▶ **THE TASK**
Everything from the line containing "在鍋中加油,蛋液邊缘漸漸凝固後把蛋液往中間推" to the last line of the listing below should be restated exactly, both ends included, with nothing added and the pictures omitted.

▶ **DATA EXCERPT**
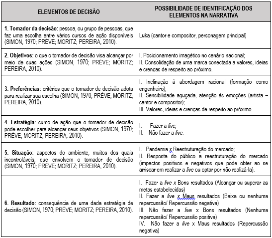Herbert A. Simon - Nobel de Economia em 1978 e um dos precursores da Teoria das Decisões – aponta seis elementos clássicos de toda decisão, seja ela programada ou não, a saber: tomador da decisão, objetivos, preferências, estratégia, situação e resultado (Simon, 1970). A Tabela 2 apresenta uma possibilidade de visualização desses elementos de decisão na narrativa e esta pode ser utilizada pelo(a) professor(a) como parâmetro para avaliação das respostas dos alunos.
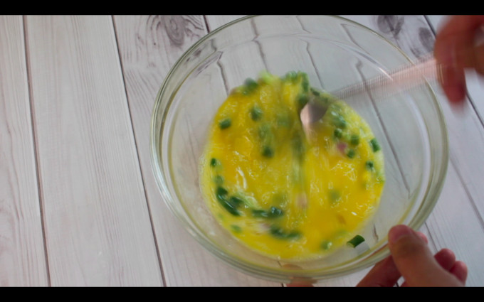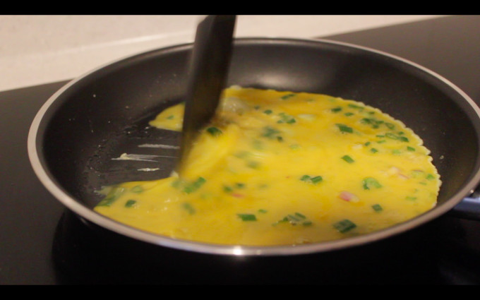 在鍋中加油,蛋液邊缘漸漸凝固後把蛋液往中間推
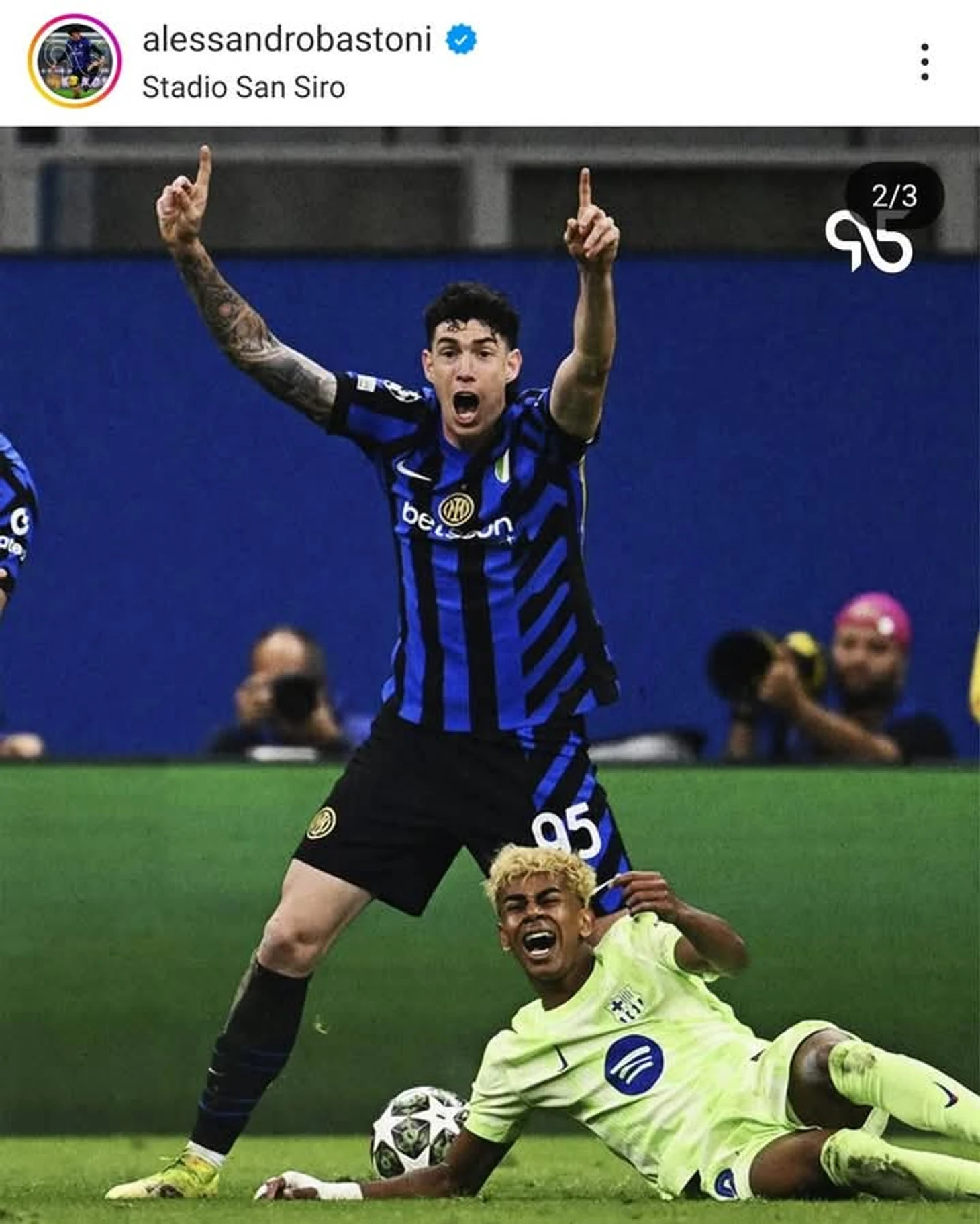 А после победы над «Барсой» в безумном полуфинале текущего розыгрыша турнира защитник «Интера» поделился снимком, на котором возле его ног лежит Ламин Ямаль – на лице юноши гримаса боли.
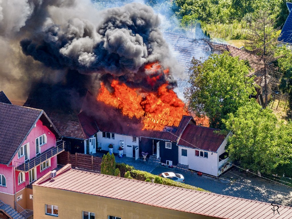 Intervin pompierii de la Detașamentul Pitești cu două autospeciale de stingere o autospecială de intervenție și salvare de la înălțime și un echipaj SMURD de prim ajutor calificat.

▶ **RESPONSE TO THIS TASK**
 在鍋中加油,蛋液邊缘漸漸凝固後把蛋液往中間推
 А после победы над «Барсой» в безумном полуфинале текущего розыгрыша турнира защитник «Интера» поделился снимком, на котором возле его ног лежит Ламин Ямаль – на лице юноши гримаса боли.
 Intervin pompierii de la Detașamentul Pitești cu două autospeciale de stingere o autospecială de intervenție și salvare de la înălțime și un echipaj SMURD de prim ajutor calificat.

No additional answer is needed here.